Originally Posted by NumberSix
Well, the United States’ #1 foreign policy is that no single country dominates any region. Whether it’s Iran in the Middle East, Russia in Eastern Europe/Eurasia or China in south east Asia. If you prevent any country from becoming a dominant regional power, you prevent them from becoming a world power like the United States.
No doubt. In a vacuum, I don't care about being the sole superpower, though I realize scaling back could create an opening for someone else to step up. That does complicate things, and arguably lends itself to the idea that we should
be the only straw the stirs the drink.
I get the concept that being heavy on interventions and putting our hands in cookie jars helps to perpetuate our "empire", but I'm not sold that it's the only (or even best) way to sustain our leadership role. Is the US objectively more trustworthy compared to leaving more power in the hands of even less humanitarianism-focused countries? Yes. We probably agree there. I just don't buy that that's one of our top priorities either.
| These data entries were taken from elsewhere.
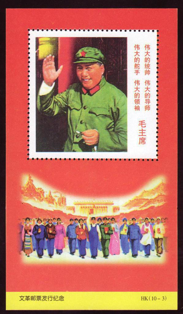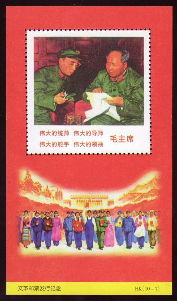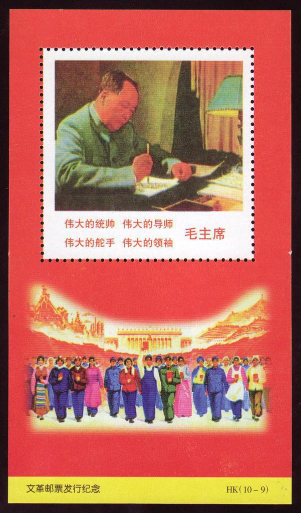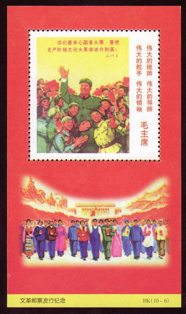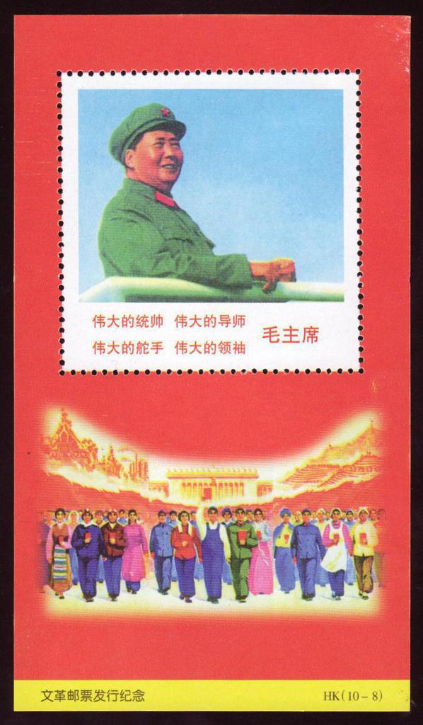 | Description | In Comm of the issue of the Cultural revolution Stamps. Inscription on stamp: Great Commander, Tutor, Helmsman and Leader - Chairman Mao. | |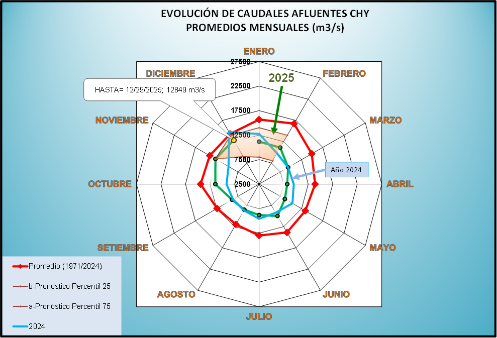El caudal afluente a la CHY diario, pronosticado para la fecha de hoy es de 13.100 m3/s, y para el día de mañana se espera una afluencia del orden de 13.100 m3/s.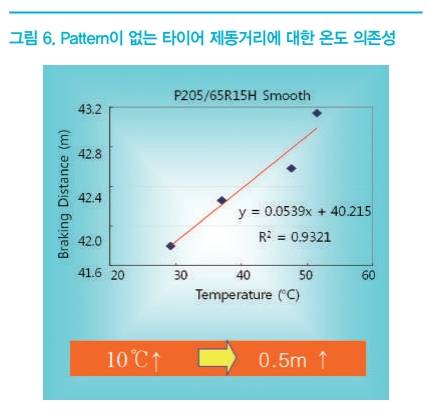 상기 두 종류의 시험 결과를 요약하면 <그림 7>에 표현된 것처럼 10℃ 온도 상승에 Smooth 타이어의 경우에는 제동거리가 0.5m 증가하고, Pattern 형상이 있는 타이어는 약 1.1m가 길어짐을 확인하였다. 이와 같이 Pattern 형상 유무에 따라 제동거리의 온도 의존성이 달라지는 이유는 타이어 트레드의 강성 차이로 인한 온도 민감도가 다르기 때문이며, 이에 대한 설명은 보다 전문적 영역이므로 본 고에서는 다루지 않기로 한다.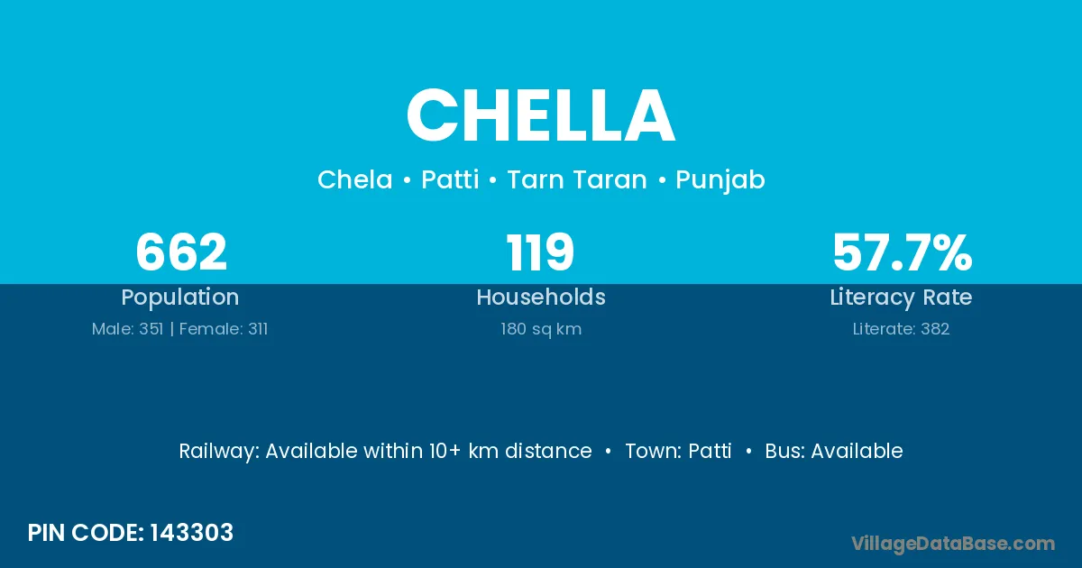 Chella village has a total population of 455 people, of which 229 are males and 226 are females.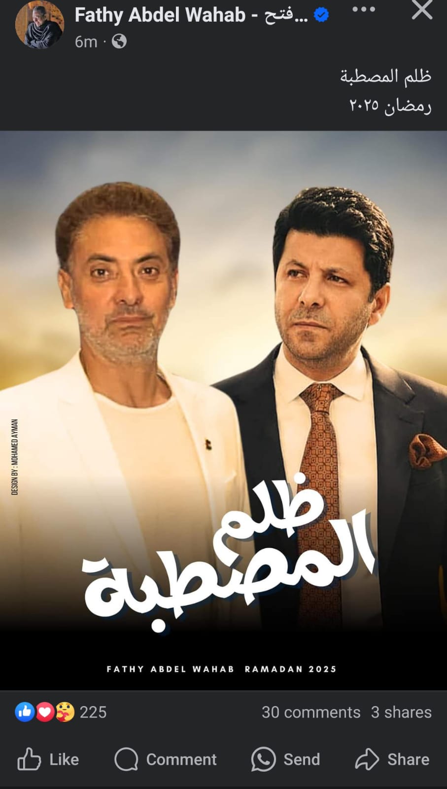 أعلن الفنان فتحي عبد الوهاب منذ قليل عن مشاركته في السباق الرمضاني القادم 2025 بمسلسل "ظلم المصطبة" بطولة الفنان إياد نصار.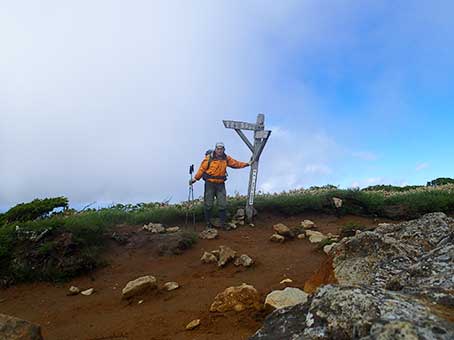 箕輪山頂。14:40。予定より大分時間がかかった。 |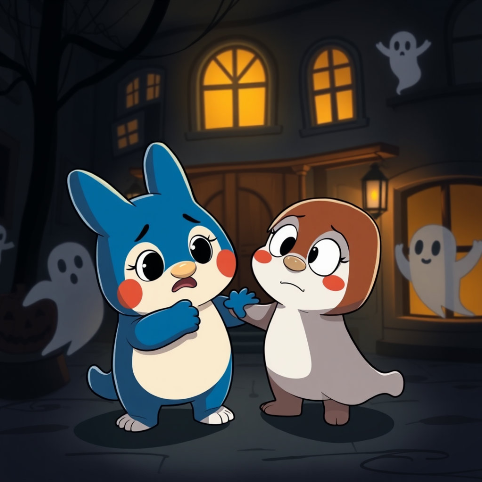 루피는 그 소문을 듣자마자 완전히 겁에 질려 뽀로로에게 매달렸어요. "뽀로로, 우리 절대 저 건물 근처에는 가지 말자! 정말 유령이 나올지도 몰라!" 루피의 커다란 눈에는 눈물이 그렁그렁 맺혔죠.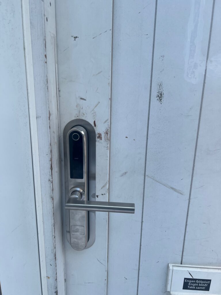 Ránargata 10A is a white house, behind the blue house number 10. You need to walk into the alley between the blue house nr 10 and 12 and you’ll find a small house to your right where your apartment is.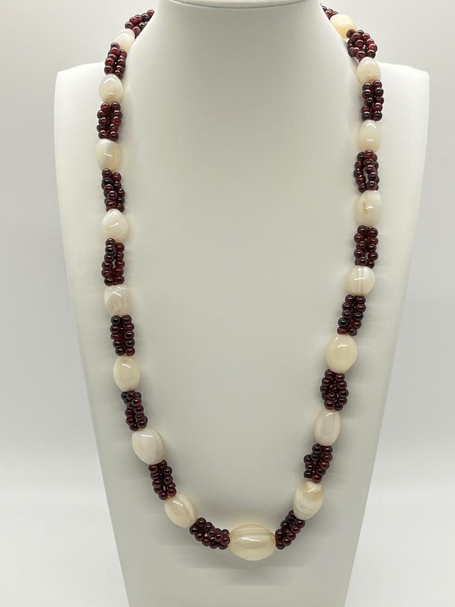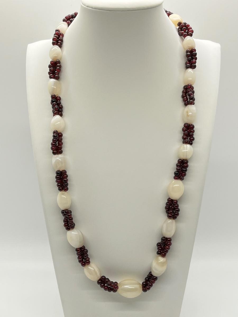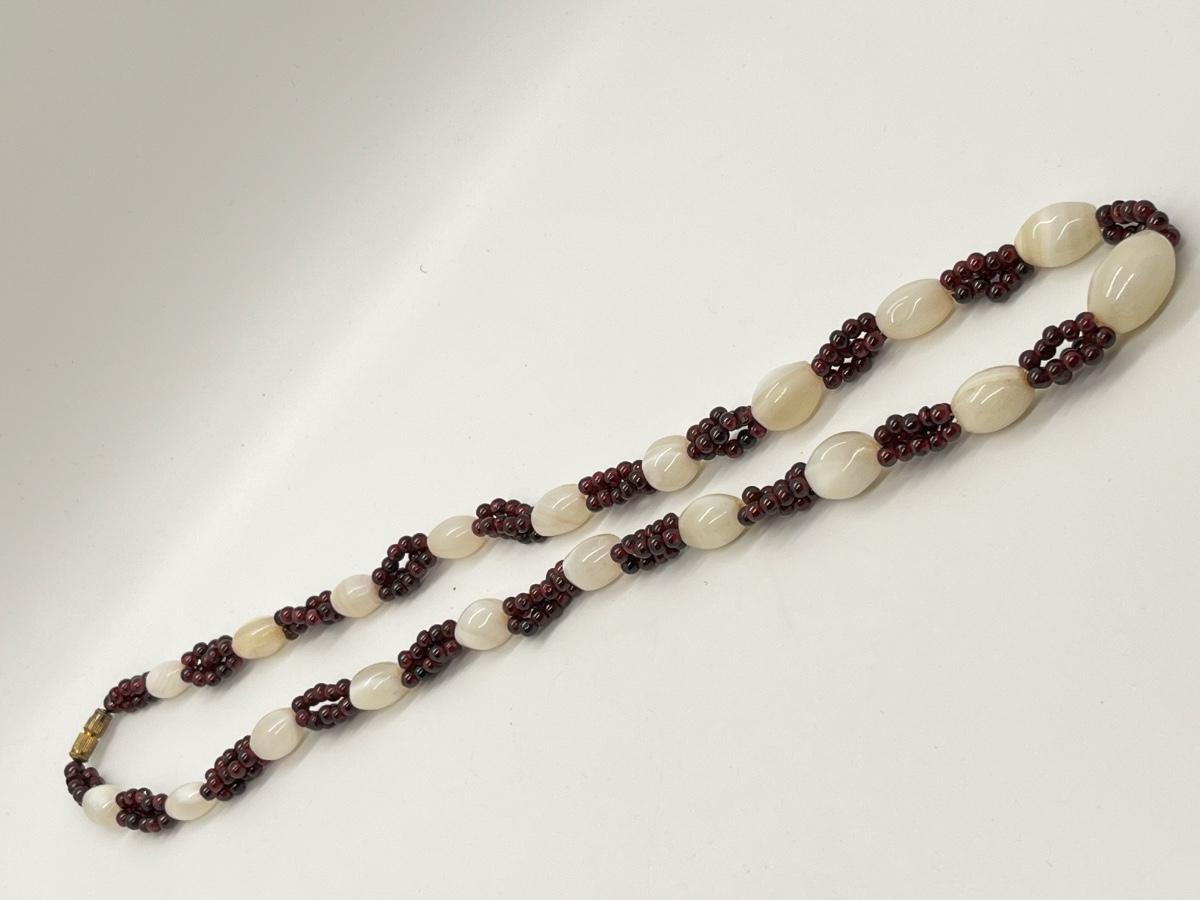 LOT 110J: Vintage Garnet & White Agate Gemstone Necklace - 24”

Oftentimes the result of our interventions are a net negative. Not in every case, but the financial incentive of perpetual war is impossible to deny. Our leaders tend to err on the side of more war in any case where it's even debatable. Considering that a plurality of people view us as the top threat to world peace, I do think being involved in 8 interventions atm (and counting) is not a good thing.
A real debate can be had about whether or not the pros of our "world policemen" role actually net balance out the cons, but it would be nice if we practiced some
of what we preached when it comes to human rights issues. Higher standards in terms of who we choose to back. Our approach is Machiavellian and hypocritical, to be kind.